The Impact on Self-Image and Behavior

Diet culture conditions people to believe these patterns are normal. Unfortunately, this often fosters poor self-esteem and negative self-talk. Many internalize the idea that being thin makes someone more valuable or worthy than someone who isn’t, leading to an all-or-nothing mindset around food, body image, and exercise.

This approach can develop into disordered eating patterns that lack a focus on real nutrition. Instead of valuing a balanced diet, the emphasis falls on restricting calories, punishing yourself through exercise, and avoiding “bad foods.”


Food Is More Than Fuel

While food does fuel the body, it also plays an important cultural and emotional role. Diet culture isolates food as something that must be earned and removes the joy and social connection that comes from eating. Around holidays especially, diet culture intensifies—through ads for detoxes, weight-loss “resets,” and gym promotions. These practices are often unscientific and can deprive your body of valuable nutrients it needs to function optimally.


When Dieting Becomes Obsession

At its extreme, diet culture can manifest as Orthorexia, an unhealthy obsession with eating “correctly” or “cleanly.” This can harm daily functioning, social life, and emotional health.

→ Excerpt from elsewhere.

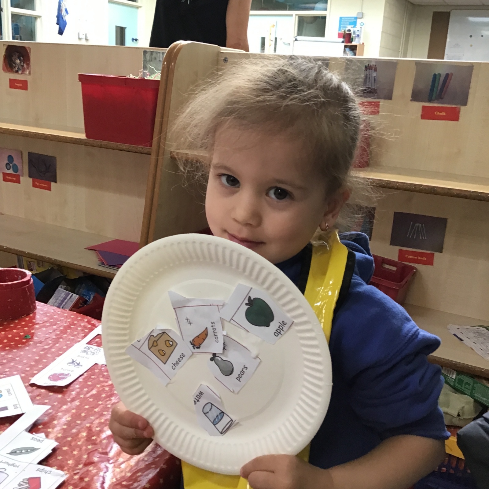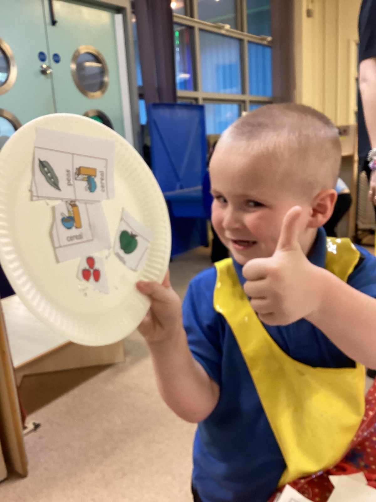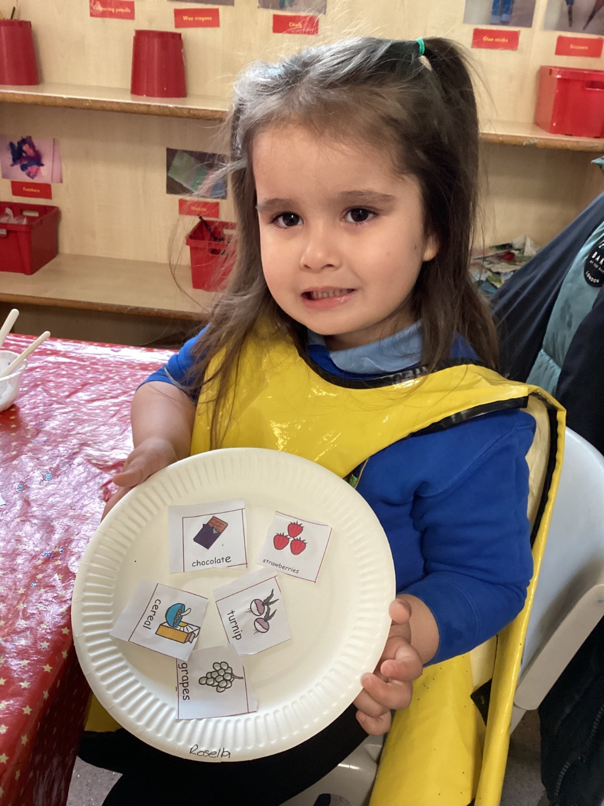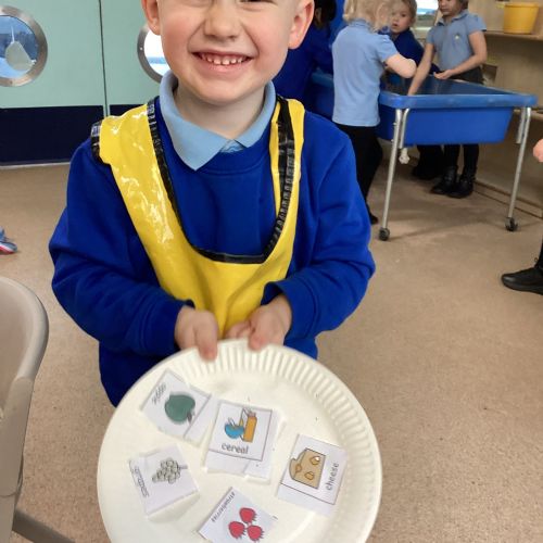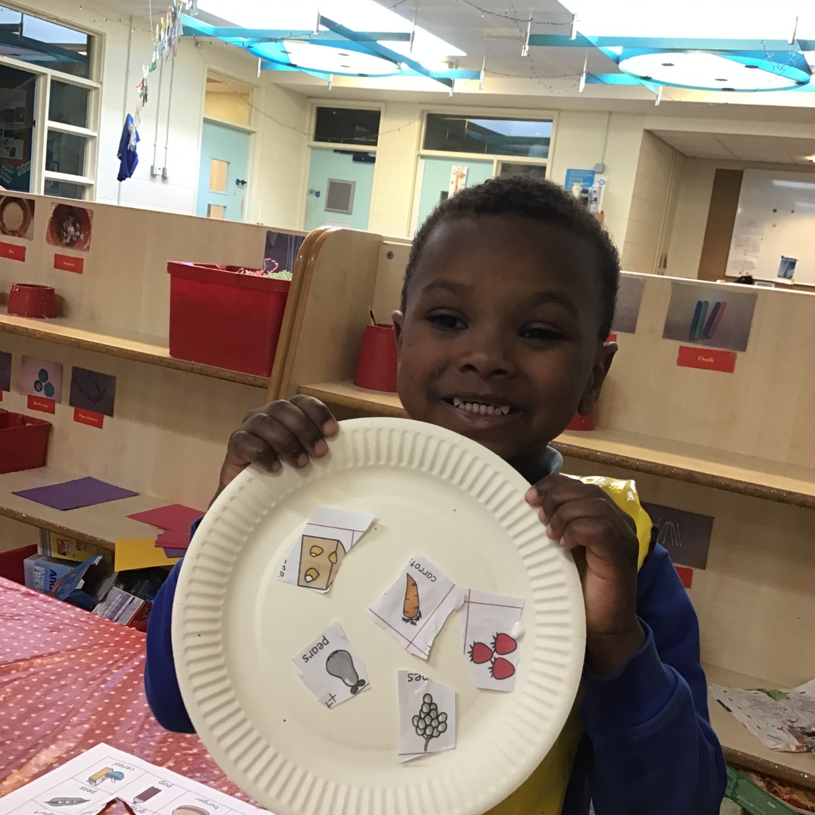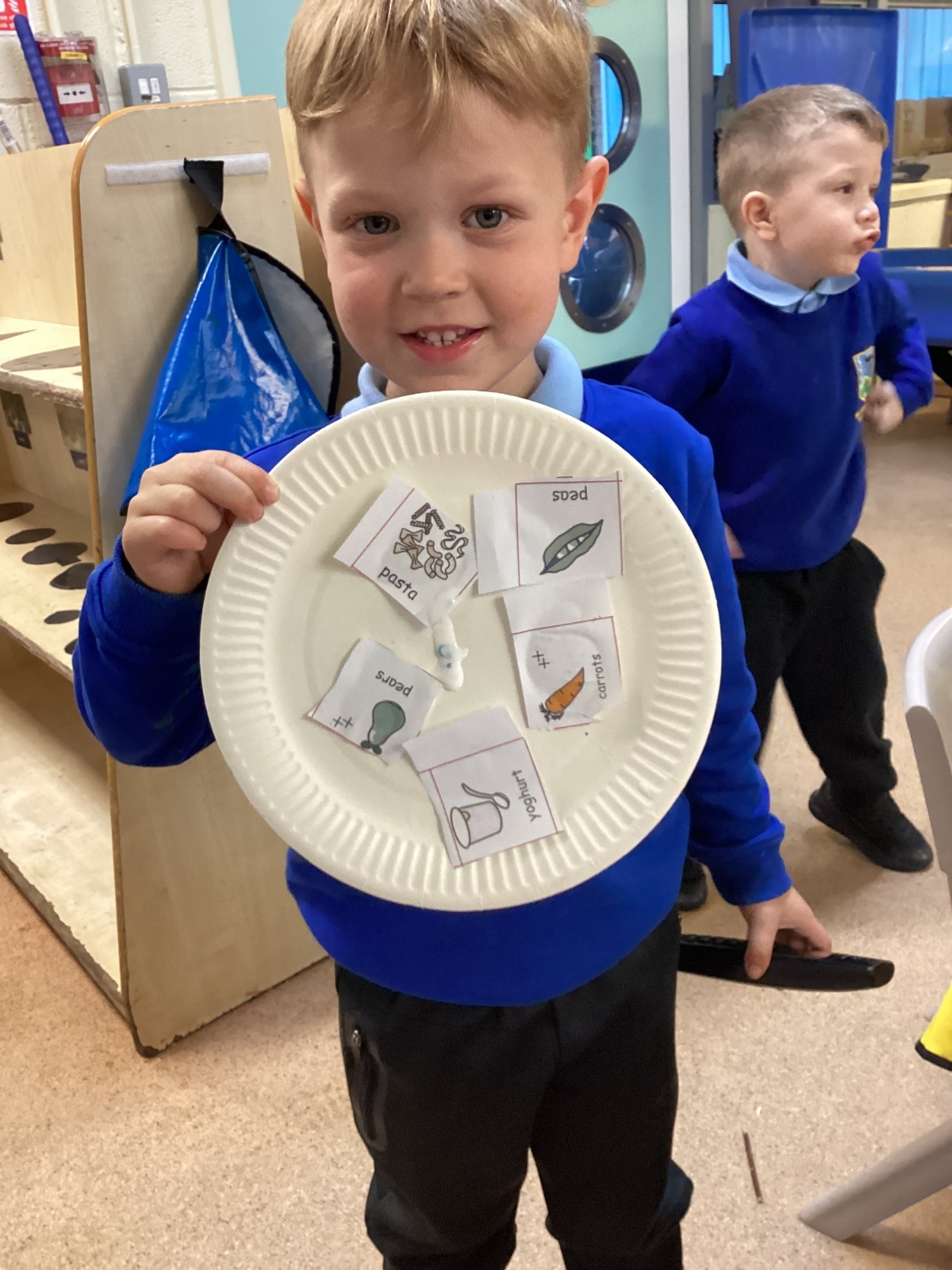 We have been practising our fine motor skills and food knowledge skills this week. We have been selecting healthy foods and cutting them out to stick onto our plates this week.

Signs of orthorexia may include:

  • Following rigid eating rituals

  • Avoiding foods deemed “unhealthy” without medical reason (e.g., gluten without intolerance)

  • Restrictive fad diets, detoxes, and cleanses

Left unchecked, this can contribute to serious mental health conditions such as anorexia nervosa, obsessive-compulsive disorder, or body dysmorphic disorder.


The Connection to Body Image

Because diet culture glorifies thinness, it reinforces the harmful belief that health equals being thin. Celebrities and influencers often glamorize diet products or weight-loss tools, but these promote thinness as the path to happiness, acceptance, and health. The reality is that appearance does not paint a complete picture of health. People of all body sizes can live happy, healthy, fulfilling lives.


How to Push Back Against Diet Culture

Since diet culture is pervasive, taking intentional steps to reduce its influence can help:

  • Unfollow harmful influences: Limit exposure to pages, influencers, or celebrities that endorse restrictive diets.

  • Seek positive voices: Follow communities and professionals who promote intuitive eating, body positivity, or body neutrality.

  • Practice body neutrality: Focus on appreciating your body for what it can do rather than how it looks.

Shifting away from food labeling and appearance-based worth allows you to honor and respect your body as it is right now.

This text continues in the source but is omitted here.